Records from a collection
* * * * * * * * *
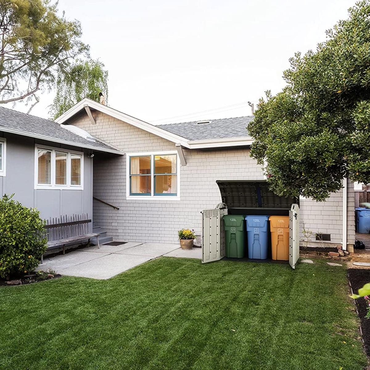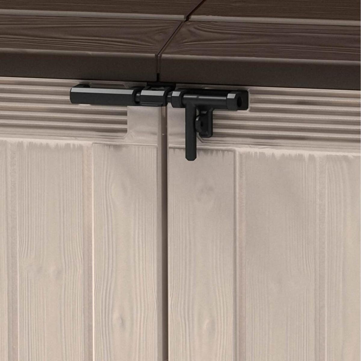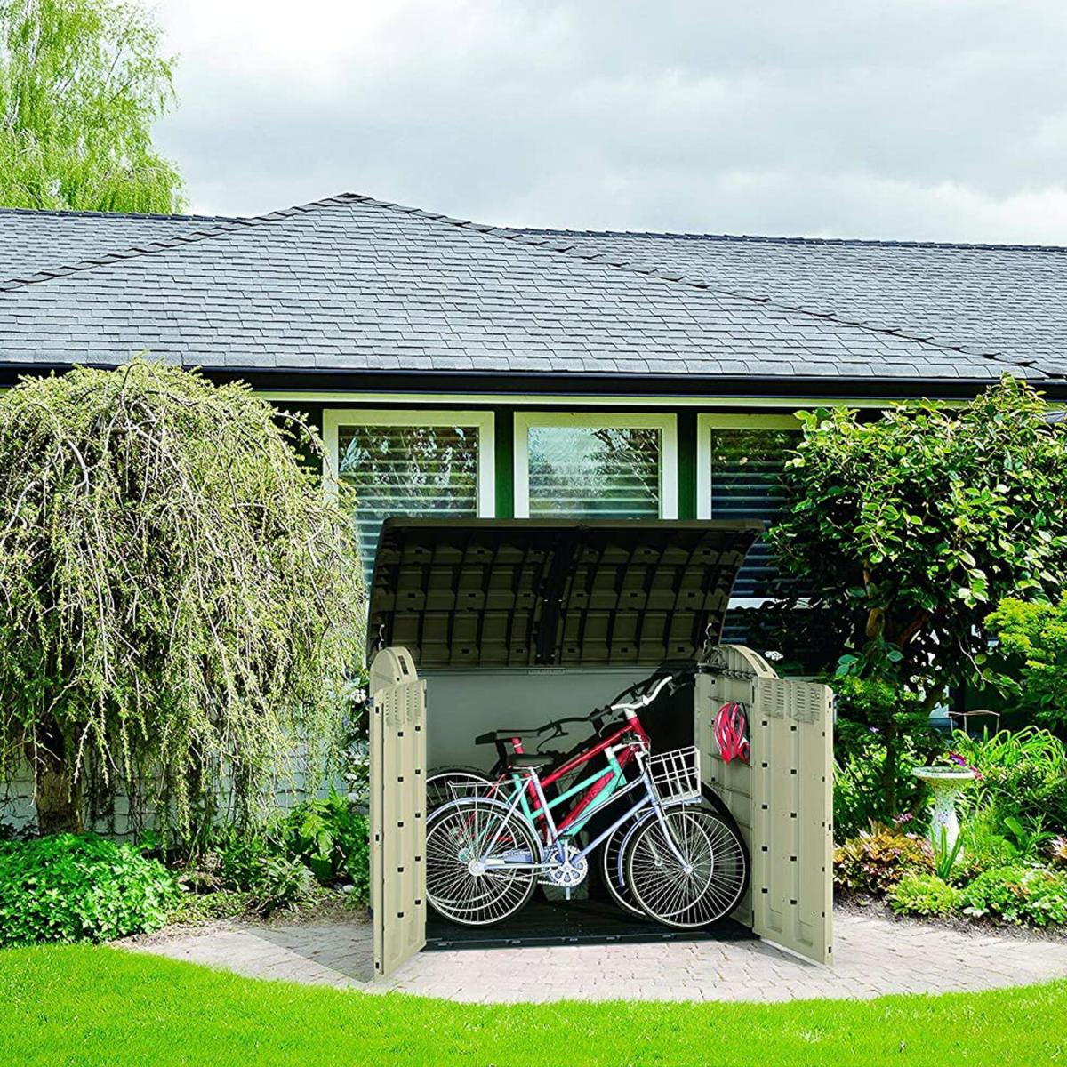 Our global selling storage solution and bike store can fit anywhere within your garden or patio area. With a storage capacity of 2000. L this storage shed is perfect as a bike store or can hold two 360. L or three 120. L bins. Durable and weather-resistant, contents are kept both dry and ventilated. An Easy-opening lid with hydraulic pistons and sloped threshold makes access easy from the front of the top. Shelves can be placed inside for extra storage and there is a lockable option for peace of mind.
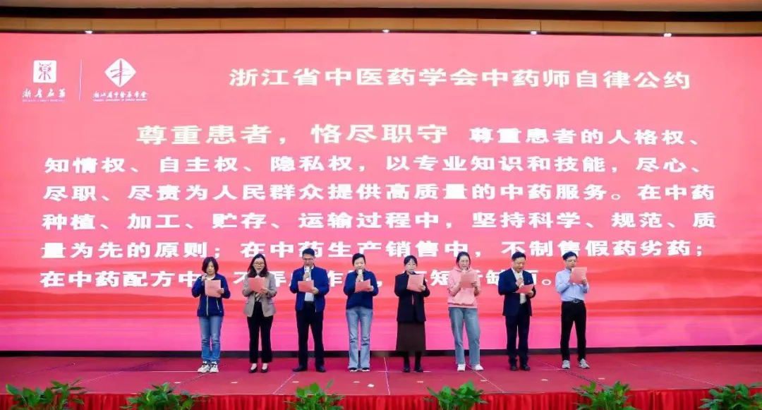 浙江省、市、县级医疗机构代表、社会办医、“浙产名药”企业代表等共同宣读《浙江省中医药学会中药师自律公约》
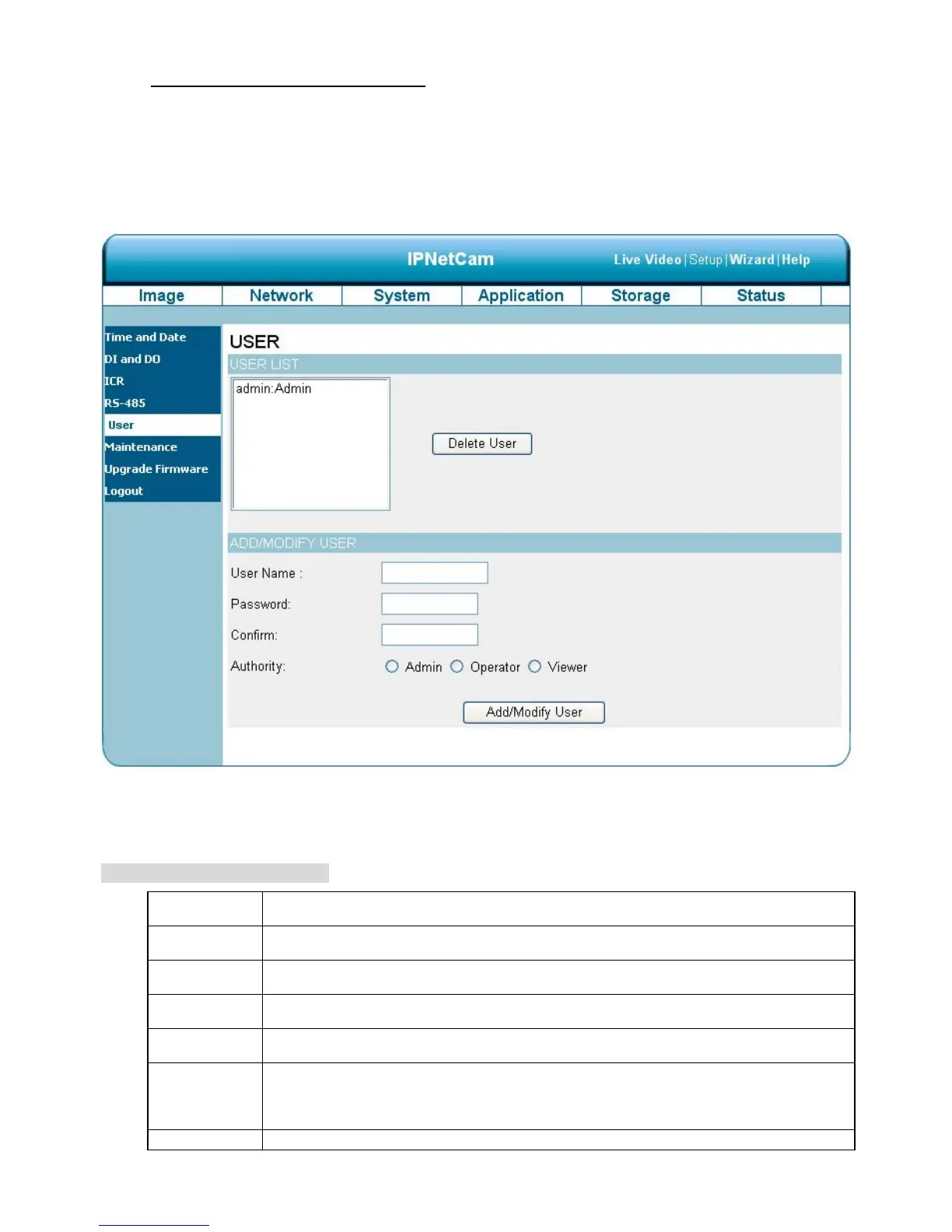 configure the OSD setting for your camera. Please follow the steps below to change/add the users’
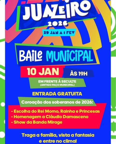 O clima de Carnaval já tomou conta de Juazeiro com a realização do Baile Municipal, que acontece amanhã, 10 de janeiro, a partir das 19h, em frente à Secretaria de Cultura, Turismo e Esportes (Seculte), no antigo Paço Municipal. O evento, aberto ao público e com entrada gratuita, marca o início da contagem regressiva para a folia de 2026 e vai revelar os novos soberanos do Carnaval: Rei Momo, Rainha e Princesas.
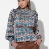 Sleeveless floral blouse featuring a scallop hem and a buttoned closure in the back. The fabric is pleated for extra texture. Style casually or elegantly.
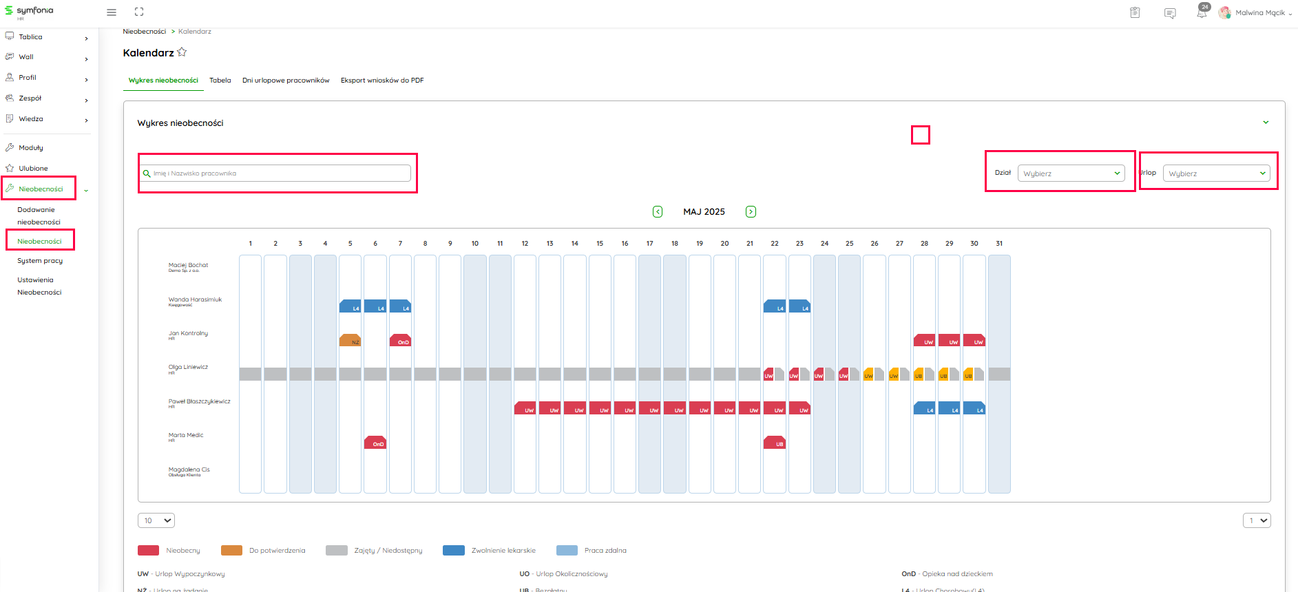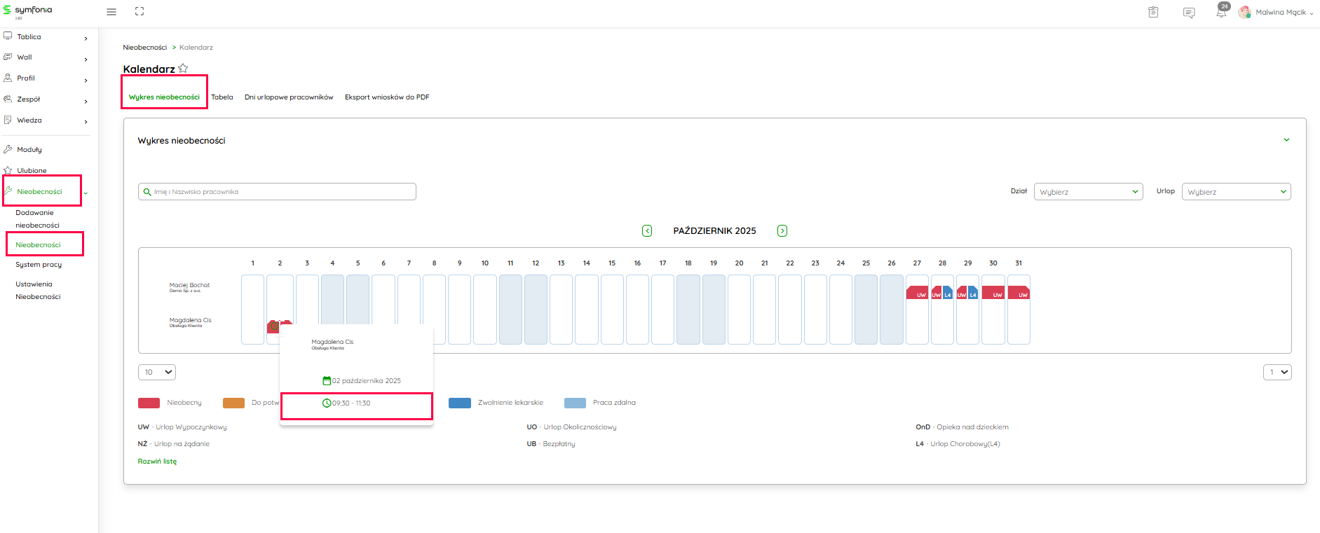 Kliknij na obraz, żeby powiększyć Pod widokiem Wykresu nieobecności, znajdziesz również legendę tłumaczącą zarówno zastosowane na widoku kolory, jak i ikonki widoczne na każdej z pobranych nieobecności. Dostęp do pełnej listy znajdziesz, po kliknięciu w przycisk Rozwiń listę.
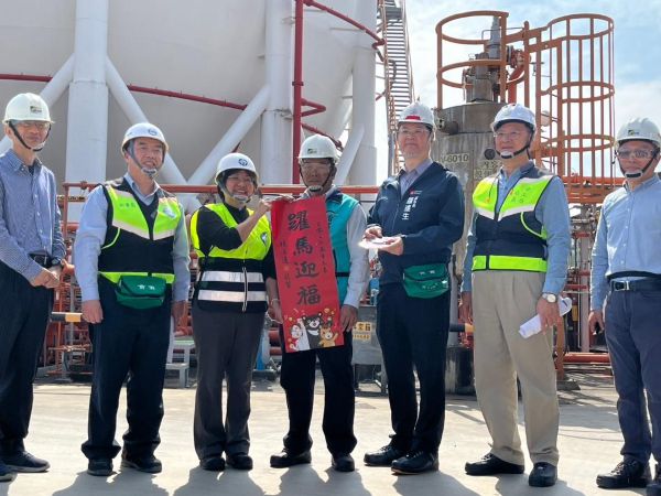 羅達生副市長並向現場作業的勞工朋友致贈春聯拜早年,勉勵業者與勞工齊心協力,透過全員參與的方式,來強化製程安全管理。羅達生指出,市府近年與中央共同攜手,針對林園產業園區石化廠推動智慧石化永續發展計畫,期望藉由數位化與低碳轉型,帶動高雄石化產業邁向安全永續的高值未來。
* * * * * * * * *
What is needed is an exact copy of only the lines from the line containing "configure the OSD" through the last line of the entries, inclusive, without the pictures.

 configure the OSD setting for your camera. Please follow the steps below to change/add the users’
 O clima de Carnaval já tomou conta de Juazeiro com a realização do Baile Municipal, que acontece amanhã, 10 de janeiro, a partir das 19h, em frente à Secretaria de Cultura, Turismo e Esportes (Seculte), no antigo Paço Municipal. O evento, aberto ao público e com entrada gratuita, marca o início da contagem regressiva para a folia de 2026 e vai revelar os novos soberanos do Carnaval: Rei Momo, Rainha e Princesas.
 Sleeveless floral blouse featuring a scallop hem and a buttoned closure in the back. The fabric is pleated for extra texture. Style casually or elegantly.
 Kliknij na obraz, żeby powiększyć Pod widokiem Wykresu nieobecności, znajdziesz również legendę tłumaczącą zarówno zastosowane na widoku kolory, jak i ikonki widoczne na każdej z pobranych nieobecności. Dostęp do pełnej listy znajdziesz, po kliknięciu w przycisk Rozwiń listę.
 羅達生副市長並向現場作業的勞工朋友致贈春聯拜早年,勉勵業者與勞工齊心協力,透過全員參與的方式,來強化製程安全管理。羅達生指出,市府近年與中央共同攜手,針對林園產業園區石化廠推動智慧石化永續發展計畫,期望藉由數位化與低碳轉型,帶動高雄石化產業邁向安全永續的高值未來。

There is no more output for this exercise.